Let’s look inside. There is a conventional automatic transmission lever; “Keyboard Control” push-buttons have been replaced with a single red button or light. What’s it for? Ejector Seat? Hyperspace?–I don’t know.

 

I start thinking about who originally bought this car, and why it sat neglected and forlorn for so long.  In the “Ford Family of Fine Cars”, The Medalist (Let’s call it that for now) was priced above the comparable top-of-the-line Ford Fairlane 500, and mid-way between Edsel’s Ranger and Pacer models.  Mercury dealers were getting desperate at this time, as sales were about half of 1957’s total, which was in turn lower than in very prosperous 1955 and ’56.  The ’58 Medalist was probably an attempt to bring in customers with a lower price, although it wasn’t too successful at doing that, as only 7,750 2-doors and 10,982 4-doors were sold, while total 1958 Mercury sales came to 133,271.  So this Medalist is a pretty rare bird (or whatever creature it is).  Maybe somebody was watching Ed Sullivan on TV (sponsored by Lincoln-Mercury), ambled into a local Mercury dealer, didn’t like the high prices, but was convinced by a sharp salesman to buy this low-priced white beauty.  The life this car led and how it survived as long as it did remains unknown.

 

Sure looked nice when it was new!

Compare the low-cost Medalist with the highest-priced model, the Park Lane: “Most beautiful expression of Mercury’s Clean Line Modern Styling.”

 

I have a theory that space aliens from Area 51 were brought in to design the rear section. Either that, or the inspiration is Salvador Dali or Hieronymus Bosch. The Park Lane rear is even more extreme!

 

 

What is it about cars like this that attract me so?  The 1955-62 period was a time when cars had a sleek, “Spirit of Motion” aspect to their styling, accented with futuristic, Space Age elements like rockets, bumper bombs,  hooded headlamps, fins, wrap-around windshields, neo-Art Deco instrument panels, and other finely wrought details that gave the cars a “larger than life” quality.  The total effect suggests effortless, high speed, smooth travel (perhaps through interstellar space, rather than ordinary roads and highways of the United States).  Gleaming in the showroom, the newest creation appeared to be science fiction-turned-science fact–a dream car that would be exciting to own and drive–and vastly superior to the older model you were trading in.
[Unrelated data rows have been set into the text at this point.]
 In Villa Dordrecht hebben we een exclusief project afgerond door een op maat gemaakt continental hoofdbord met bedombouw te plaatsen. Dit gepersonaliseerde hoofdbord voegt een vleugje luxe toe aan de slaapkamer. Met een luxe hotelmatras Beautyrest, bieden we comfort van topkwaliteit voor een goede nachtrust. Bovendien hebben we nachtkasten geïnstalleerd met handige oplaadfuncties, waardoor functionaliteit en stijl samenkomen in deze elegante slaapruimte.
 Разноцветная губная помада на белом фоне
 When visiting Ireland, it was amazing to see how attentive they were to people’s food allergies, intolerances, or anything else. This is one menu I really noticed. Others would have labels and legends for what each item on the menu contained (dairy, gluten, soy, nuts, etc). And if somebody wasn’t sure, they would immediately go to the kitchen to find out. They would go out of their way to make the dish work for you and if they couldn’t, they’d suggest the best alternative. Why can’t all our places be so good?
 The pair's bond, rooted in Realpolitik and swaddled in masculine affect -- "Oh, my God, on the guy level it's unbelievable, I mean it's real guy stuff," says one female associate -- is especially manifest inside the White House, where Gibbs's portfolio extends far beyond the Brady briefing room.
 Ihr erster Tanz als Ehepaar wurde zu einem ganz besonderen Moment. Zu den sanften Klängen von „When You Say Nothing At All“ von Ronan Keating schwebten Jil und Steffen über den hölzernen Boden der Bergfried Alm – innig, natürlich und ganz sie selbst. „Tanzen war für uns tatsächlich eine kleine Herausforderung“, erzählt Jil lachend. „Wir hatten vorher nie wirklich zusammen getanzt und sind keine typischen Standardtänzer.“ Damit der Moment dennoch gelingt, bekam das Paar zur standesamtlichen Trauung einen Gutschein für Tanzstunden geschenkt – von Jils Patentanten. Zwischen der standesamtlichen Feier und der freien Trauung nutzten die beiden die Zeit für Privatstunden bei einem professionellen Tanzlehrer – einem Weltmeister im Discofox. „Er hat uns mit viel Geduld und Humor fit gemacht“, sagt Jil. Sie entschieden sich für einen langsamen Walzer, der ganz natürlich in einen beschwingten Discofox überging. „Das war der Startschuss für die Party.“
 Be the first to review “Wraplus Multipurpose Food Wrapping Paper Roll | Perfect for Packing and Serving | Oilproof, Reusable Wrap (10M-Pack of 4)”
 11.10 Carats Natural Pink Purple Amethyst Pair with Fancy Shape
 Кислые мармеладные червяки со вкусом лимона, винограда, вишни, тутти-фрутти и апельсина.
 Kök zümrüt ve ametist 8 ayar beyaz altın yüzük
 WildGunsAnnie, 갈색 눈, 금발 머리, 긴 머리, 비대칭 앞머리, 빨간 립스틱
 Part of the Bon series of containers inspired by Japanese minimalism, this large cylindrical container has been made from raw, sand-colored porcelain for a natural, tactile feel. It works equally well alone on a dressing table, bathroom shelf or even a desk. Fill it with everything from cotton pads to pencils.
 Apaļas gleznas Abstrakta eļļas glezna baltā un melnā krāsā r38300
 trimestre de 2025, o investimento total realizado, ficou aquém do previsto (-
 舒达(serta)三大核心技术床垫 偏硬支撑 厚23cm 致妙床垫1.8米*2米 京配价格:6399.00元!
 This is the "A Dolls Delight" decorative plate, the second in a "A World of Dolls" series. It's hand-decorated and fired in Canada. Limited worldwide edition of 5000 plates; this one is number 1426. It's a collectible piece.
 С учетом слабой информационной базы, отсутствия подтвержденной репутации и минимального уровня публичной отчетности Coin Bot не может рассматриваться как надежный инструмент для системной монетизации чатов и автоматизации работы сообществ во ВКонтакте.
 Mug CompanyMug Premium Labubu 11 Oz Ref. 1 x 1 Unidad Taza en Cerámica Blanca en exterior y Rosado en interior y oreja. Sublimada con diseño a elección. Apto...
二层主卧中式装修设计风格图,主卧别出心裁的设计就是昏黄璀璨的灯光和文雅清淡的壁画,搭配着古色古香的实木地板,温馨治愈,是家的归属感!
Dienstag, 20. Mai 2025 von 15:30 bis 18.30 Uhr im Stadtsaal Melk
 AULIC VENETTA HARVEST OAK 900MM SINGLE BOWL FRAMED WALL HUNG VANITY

The other reason I suppose is nostalgia.  When I was, say, between 4 and 12 years old, cars like this were occasionally seen, either on the road or tucked in unlikely places.  They remind me of how I felt at that age–young, innocent, and pure–when the world was fresh and new, filled with fascinating things to see, feel, and explore.   Today has its wonders too, but there will always be something magical about those early years, and the cars that represent “Peak Optimism” in American design.